Associated PressWELCOME BACK.
We hope you had an excellent weekend.
If you want to feel gloomy as things get going again, check out the latest from SocGen’s Kit Juckes, who talks about the Portuguese Supreme Court rejections of austerity measures, and the fear that global growth is crumbling again.
The weekend talk is all Euro and of course, all bearish. The CFTC data on Friday night confirmed that the market got itself good and short euro and good and long dollars and that set the scene for the bounce. But Draghi DID hint at lower rates. And then Portugal’s constitutional court threw a fast ball at the Portuguese government. Apparently, cutting pay and benefits for the public sector is unfair on the rest so they need to try again. The result is that there’s a hole in the austerity plan and everyone else (ie Spain) is looking to see what happens. Europe has no growth plan, and austerity into recessions is unpopular. And perhaps unconstitutional.

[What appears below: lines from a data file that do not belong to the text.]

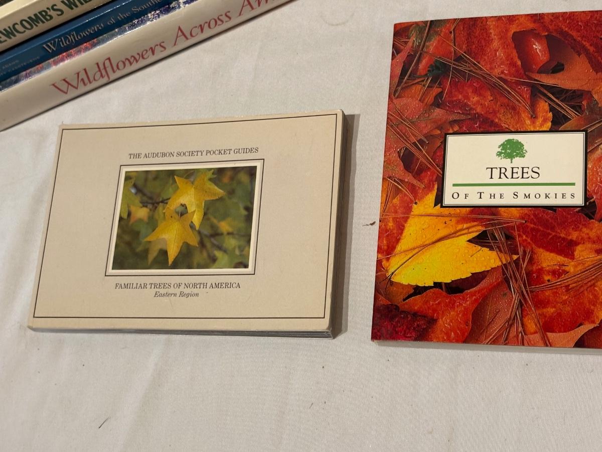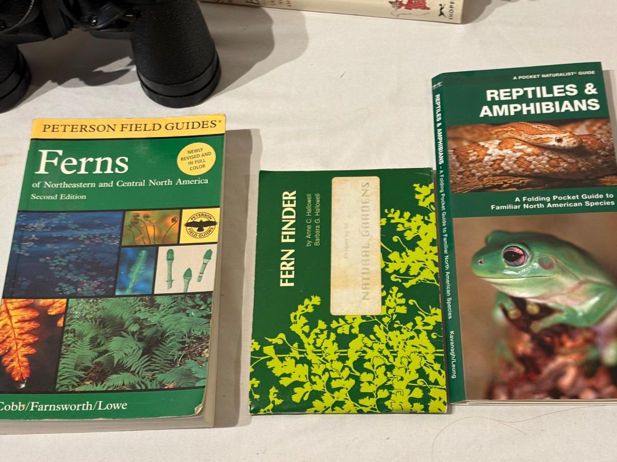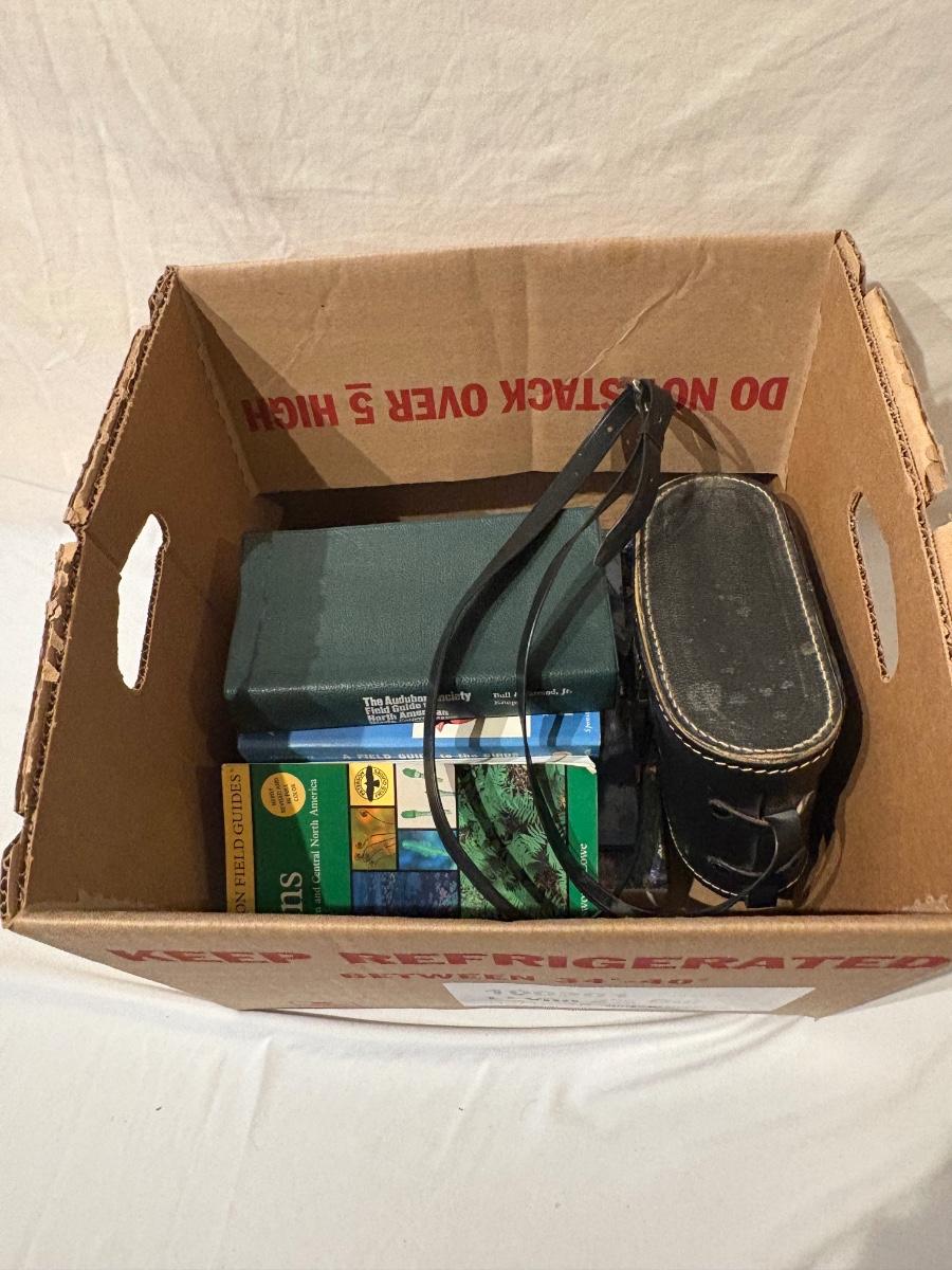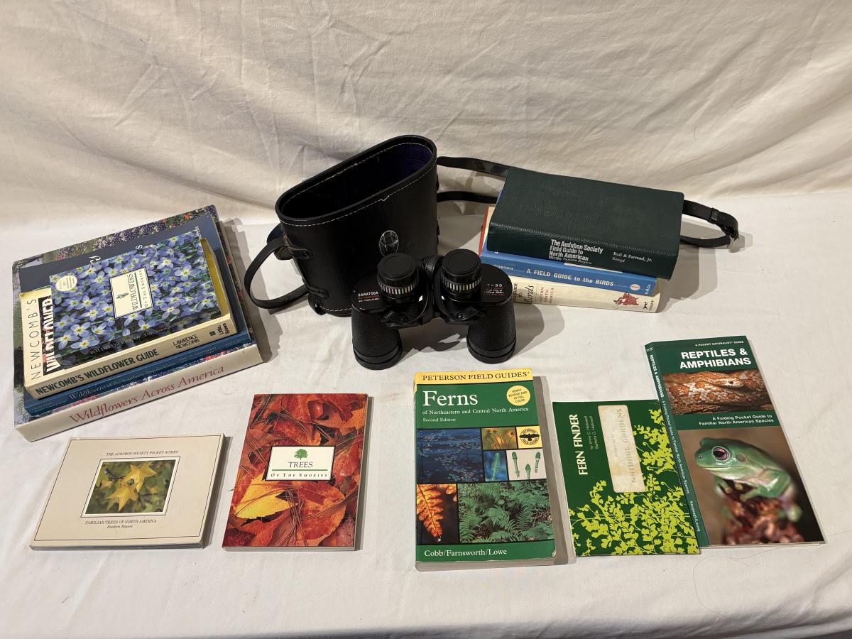 Bird, flower, trees & more field guides including regional or local books. Binoculars appear in good working order. Shipping available.
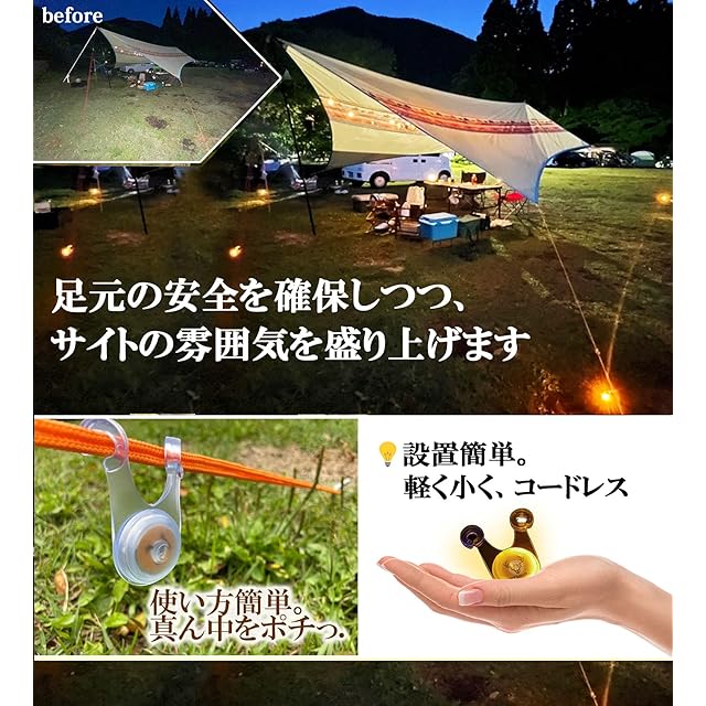 ✅ 【サイトをおしゃれに・ちょうど良い明るさ】いろいろな場所にひっかけて華やかさを演出できます。コードレスなので配置も簡単です。足元の安全を守りながらサイトの雰囲気を盛り上げます。ガイロープの根元に配置するとロープ位置がすぐにわかり、夜間の転倒防止に。(屋内で見ると結構な輝度に見えるのですが、実際に屋外で見ると程よい明るさに感じるかと思います。)【日常生活やフェスにも】ポーチつきなので持ち運びにも便利。フェスやライブ、夜の散歩などにも。ぴかぴか光るので子どもウケが抜群です。
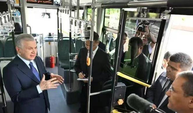 近日,乌兹别克斯坦总统沙夫卡特·米尔济约耶夫在花剌子模州首府乌尔根奇市考察期间,重点调研民众公共交通出行情况。在试乘山东重工中通N系公交客车后,点赞车辆对当地公共出行服务品质提升的卓越贡献。
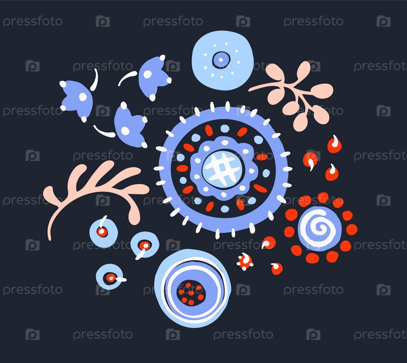 Набор этнических элементов. Бордюр представляет собой полосу с цветами, листьями, ветками, вензелями. Народная вышивка. Славянский, украинский, русский мотив. Хохлома, матрешка, дымковская игрушка. Мексиканский, индийский, цыганский ковер. Вязаное кружево
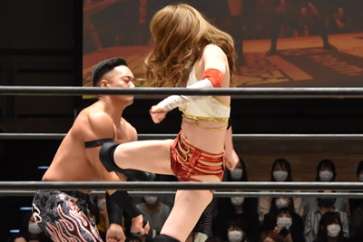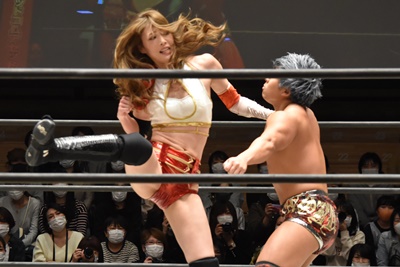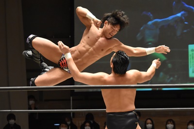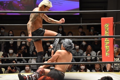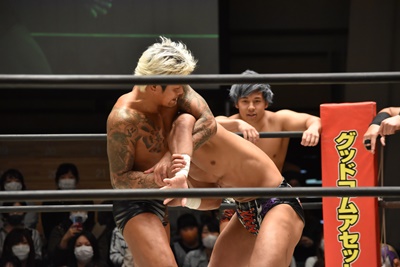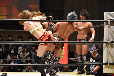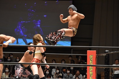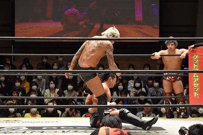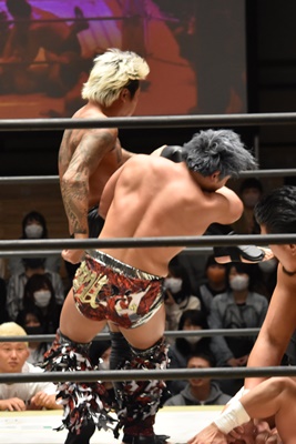 坂口エルボー、首投げからサッカーボールキック(右写真)。赤井にタッチ。
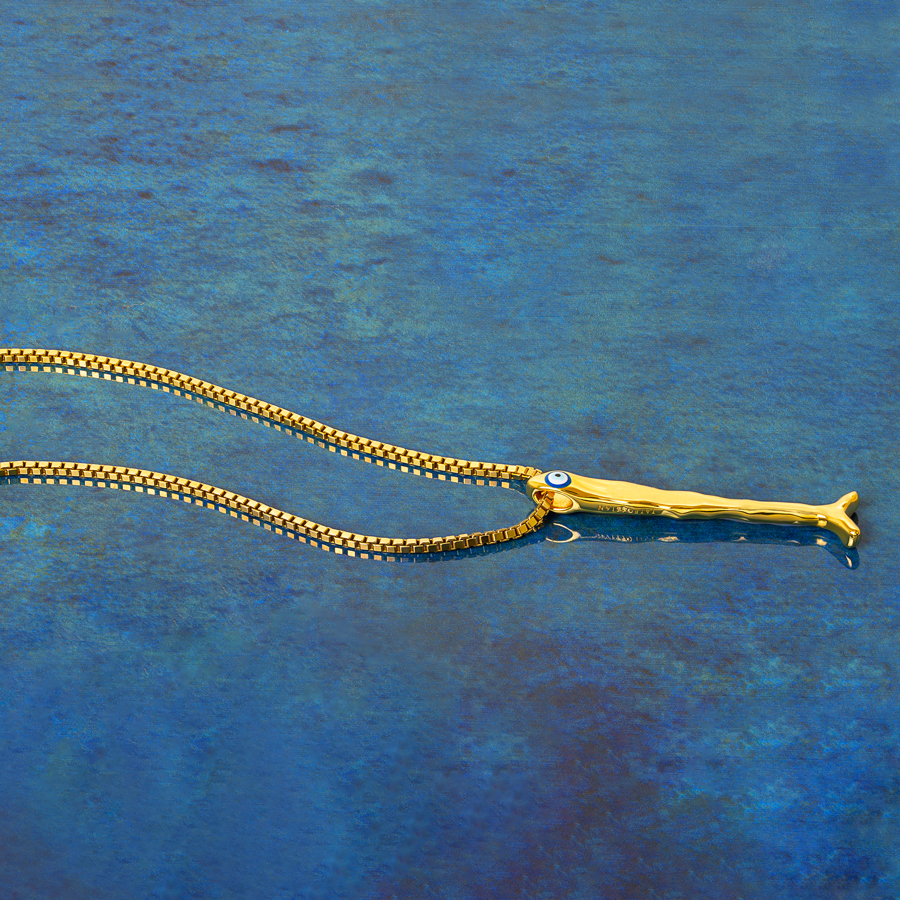 Feng Shui Fish Necklace In Yellow Gold Plated Sterling Silver
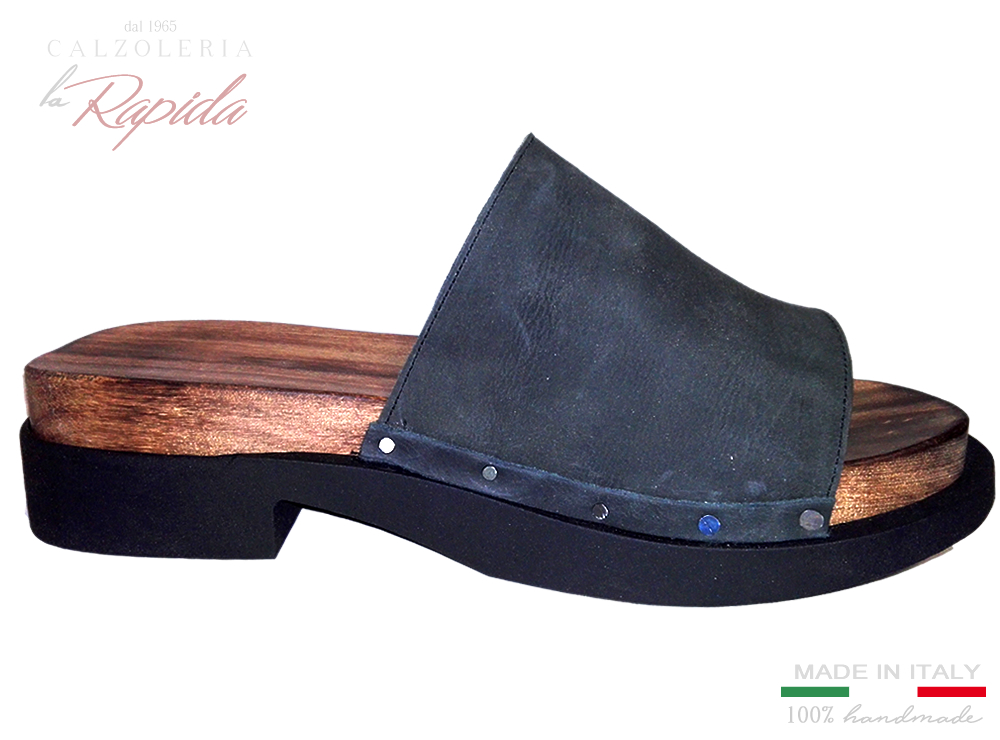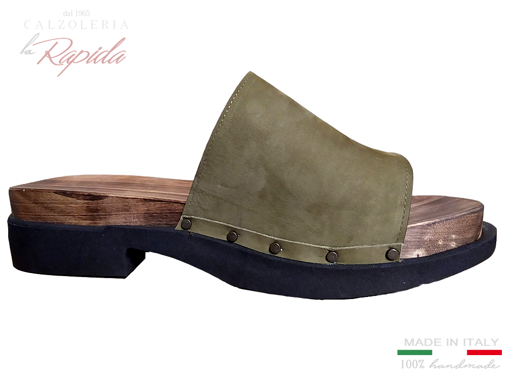 Materiale: tomaia in pelle, color verde militare, fondo in legno con suola in materiale che non reca rumore.

Meanwhile, Jens Weidmann is spelling out the same uncomfortable and austere message about winding up banks and the public sector not always being there to bail everyone out, as Dijsselbloem. The bottom line of all this is always the same – don’t count on growth. Gavyn Davies meanwhile has a piece in the FT wondering whether we are, yet again, seeing a winter bounce in global growth crumble in the face of spring. And he thinks Germany is critical. Oops, German data are softening too. ECB will ease further, Europe still lacks a growth plan,it would still be better if the ECB actively pushed the euro down, but that takes a huge mind-set shift. Europe is still trying to be Japanese and even after Friday’s nonsense, have you seen how low long-dated JGB yields are in Japan?
So yes, on the plate are: The craziness in Japan, collapsing Euro growth, and now this pesky constitutional court in Portugal saying that some austerity measures are not allowed.
Meanwhile, we’ll find out Friday if things are really deteriorating again in the US.